Problem statement: Please reproduce all of the data exactly as it appears, but skip the pictures.

Stored data:
□ □ □ □
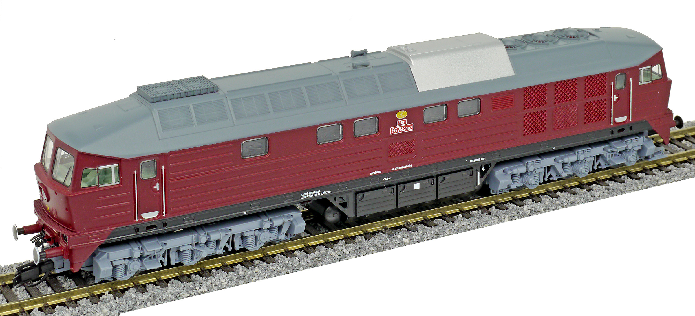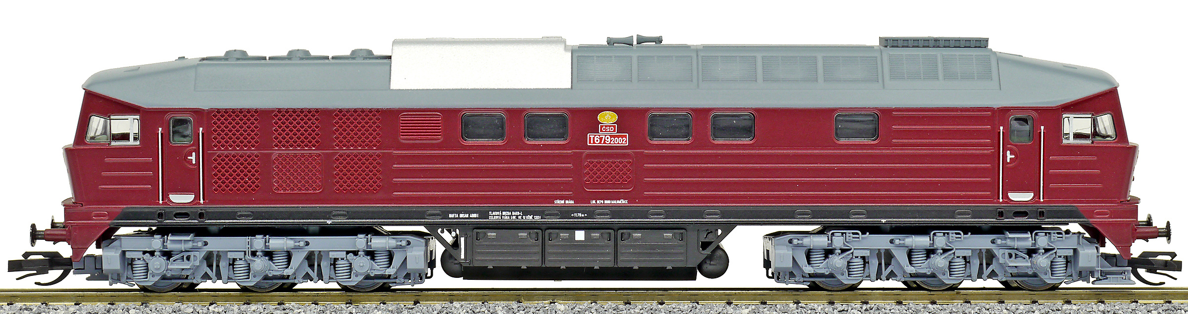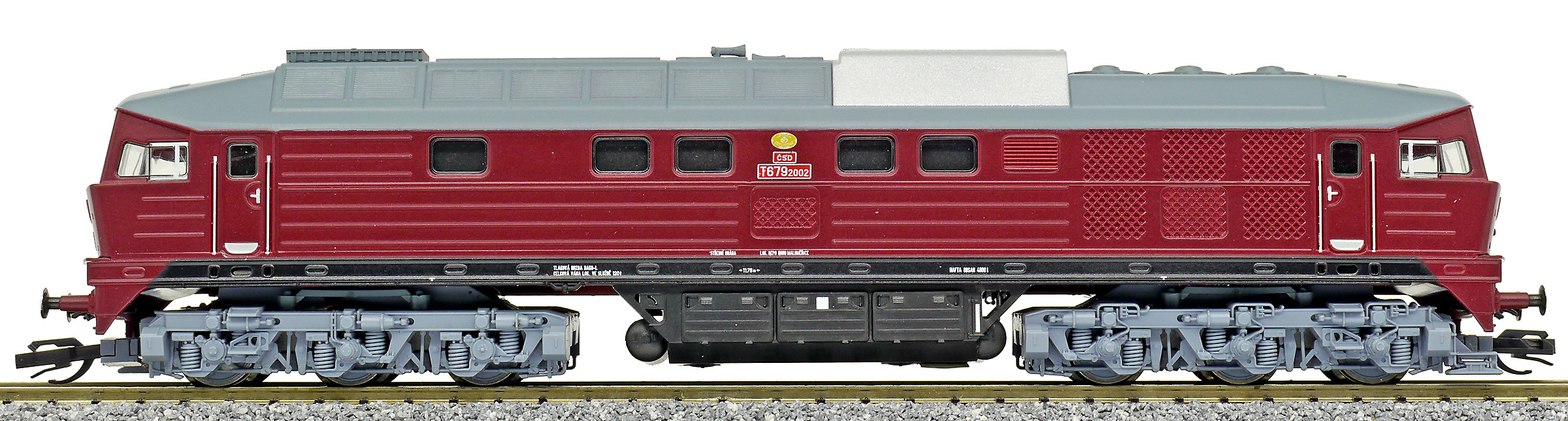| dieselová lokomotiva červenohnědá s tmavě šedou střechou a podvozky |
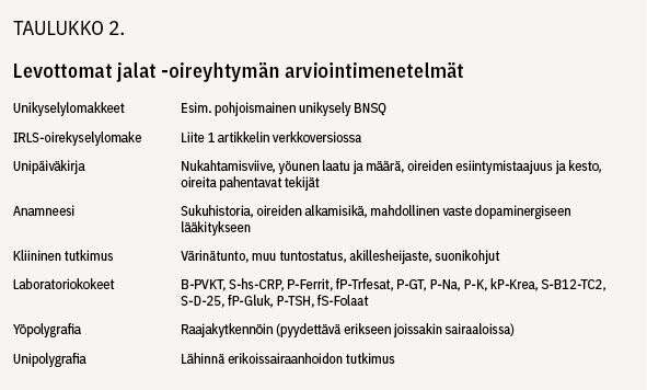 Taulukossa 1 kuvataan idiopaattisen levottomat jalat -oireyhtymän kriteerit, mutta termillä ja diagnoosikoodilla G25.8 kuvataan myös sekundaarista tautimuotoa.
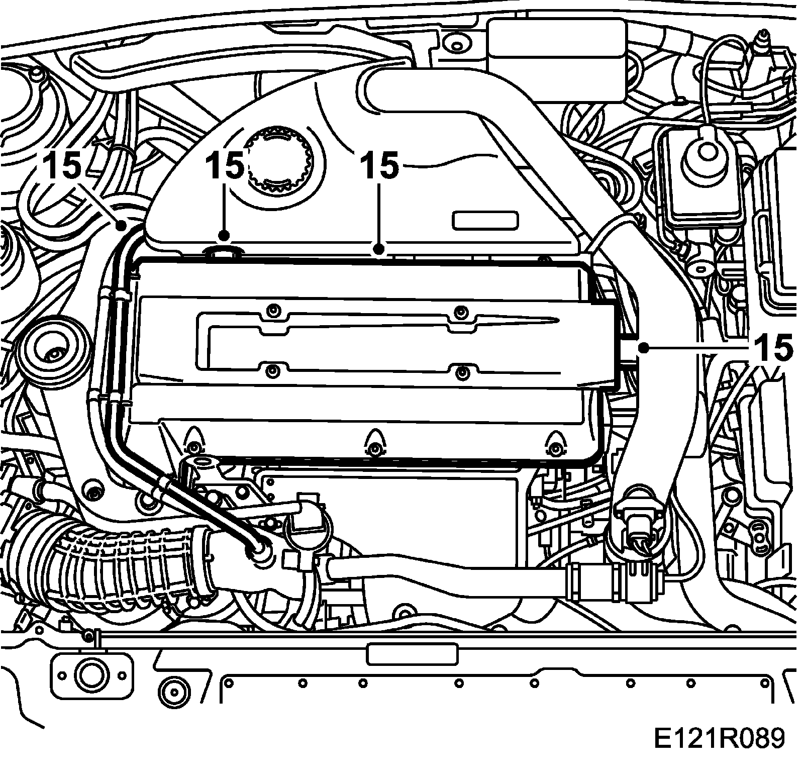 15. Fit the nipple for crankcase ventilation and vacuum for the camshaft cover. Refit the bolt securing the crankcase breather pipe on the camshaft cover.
□ □ □ □
Result for this exercise:
| dieselová lokomotiva červenohnědá s tmavě šedou střechou a podvozky |
 Taulukossa 1 kuvataan idiopaattisen levottomat jalat -oireyhtymän kriteerit, mutta termillä ja diagnoosikoodilla G25.8 kuvataan myös sekundaarista tautimuotoa.
 15. Fit the nipple for crankcase ventilation and vacuum for the camshaft cover. Refit the bolt securing the crankcase breather pipe on the camshaft cover.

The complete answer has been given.